Wednesday, 26 March 2014

Levers Part 3 (another pivotal moment)

This shedweek I've made the lever pivot mounts, these are the bits at the very front of the levers through which the pivots bolt.

They turned out to be relatively easy to make after I'd worked out how to do it and I was able to knock them out in just a couple of evenings.

First job is to realise that I don't have any bar stock big enough so I do a raid on Kung Fu Pete's metal stash for some 2" bar to cut into salami.

Mark and drill opposite centres. All will become clear...

Machine the outer face, this recess is to accommodate the special locknut.

Then flip around and machine the inner edge, this 
locates against the pivot on the end of the fork extension.

Hacksaw diet.

Mount between those centres and machine the trunnions to be a tight fit inside the front ends of the levers.
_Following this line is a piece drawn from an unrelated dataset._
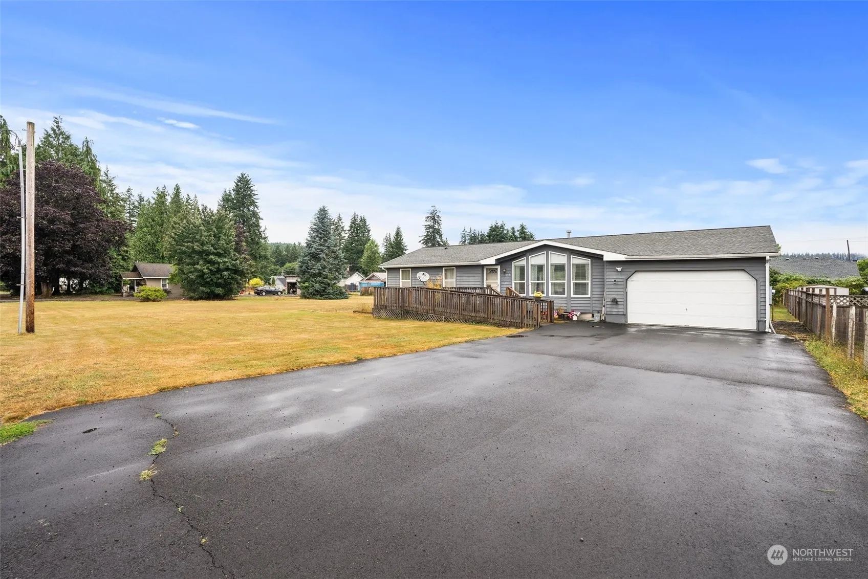 Welcome to your new home in the charming town of Pe Ell, WA featuring a large double lot! The front deck, complete with a ramp, provides easy access and a welcoming entrance. Inside, ample natural light streams through the windows, creating a warm and inviting atmosphere. The living room boasts a cozy wood stove, ideal for chilly evenings. Enjoy meals in the separate dining room, which includes built-in storage for your convenience. The spacious kitchen is perfect for cooking and entertaining. The bathroom boasts a soaking tub and a large walk-in shower. This beautiful property features a detached shed and a fenced backyard, perfect for gardening or outdoor activities. The attached two-car garage offers plenty of storage space.

I only need one of the trunnions, the other only serves as a temporary way to...

... hold the work whilst I bore the trunnion to make it easier to braze...

...and feather the edge to reduce a stress riser.
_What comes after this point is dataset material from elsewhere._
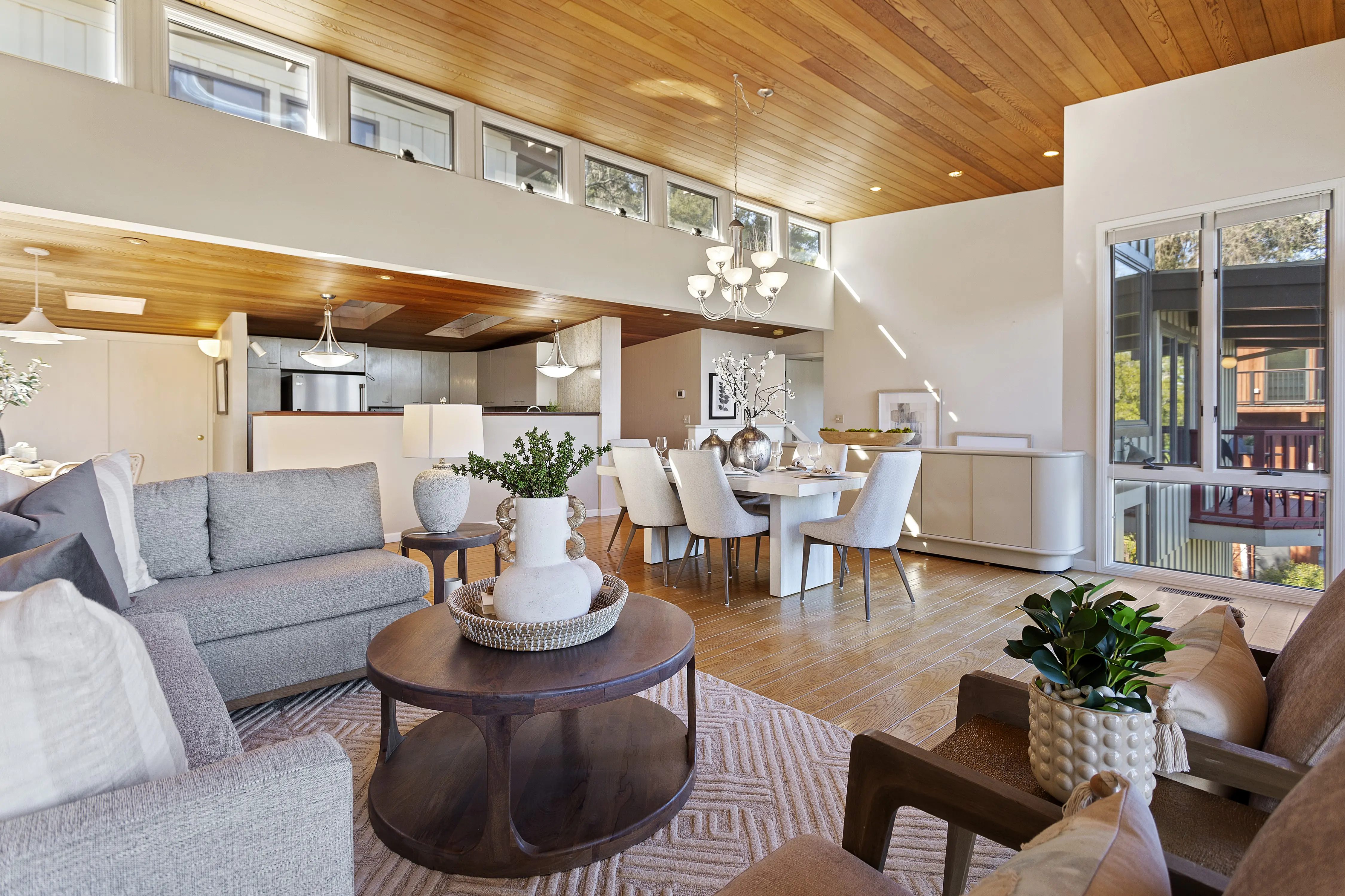 Nestled in the Claremont neighborhood of Orinda, this wonderful 3 bedroom, 2.5 bath, 2,593 sf home with stunning views and a spacious layout is ready to impress. Rebuilt from the studs up in 1988, this home features hardwood floors, wood ceilings with skylights, and walls of windows that capture breathtaking views of the surrounding hills and the expansive 0.22-acre lot.

Then chop off the spare trunnion.

Mount directly onto the mill bed to create the round shape. I machined some very accurate spacers so that I could bolt up securely and yet still turn the work easily. I searched high and low for a piece of tubing of the right size to act as a handle to rotate the pivot. I then realised I had exactly the right size sitting on the workbench next to me. Duh.
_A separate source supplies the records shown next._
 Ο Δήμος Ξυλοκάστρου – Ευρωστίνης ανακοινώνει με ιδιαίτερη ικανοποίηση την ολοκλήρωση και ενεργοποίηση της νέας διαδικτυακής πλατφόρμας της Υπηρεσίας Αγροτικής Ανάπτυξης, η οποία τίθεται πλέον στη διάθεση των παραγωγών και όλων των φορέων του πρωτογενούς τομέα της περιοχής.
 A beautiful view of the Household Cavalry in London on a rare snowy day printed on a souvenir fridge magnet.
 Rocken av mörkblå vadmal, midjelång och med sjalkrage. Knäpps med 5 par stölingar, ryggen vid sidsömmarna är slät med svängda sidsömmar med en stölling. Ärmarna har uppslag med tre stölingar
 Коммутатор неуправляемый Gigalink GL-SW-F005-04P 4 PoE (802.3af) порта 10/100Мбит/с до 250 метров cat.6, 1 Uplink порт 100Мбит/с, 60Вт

These little needles of swarf are deadly sharp and have got everywhere. 
I'm still picking them out of my hands.


Next week I'll make the pedals, these will be the last actual parts to make. I have a folder of photos of the original bike on my computer, whenever I finish a part and have no further use for the photos of it I move them to a different folder. I started with 264 photos and I only have 9 left, all of the pedals. I'm ignoring the rear mudguard for now.

In other news, I knocked the bike over this week. I had the front wheel slightly overlapping the workshop door and when I pushed the door shut it gently pushed the bike off balance. I was mildly annoyed and may possibly have taught the children three doors down some exciting new grown up words. It fell on the right hand side and fortunately didn't do too much damage, there is some scuffing to the hand grip and the lever pivot. But the con rod suffered the most, getting badly bent. It turns out that the brazed joints aren't strong enough after all. I'm going to chop out the centre section and ask Kung Fu Pete to weld in a new bit. I should have done this from the start I guess. The left hand side is OK at present so I'll leave it for now. We learn by our mistakes.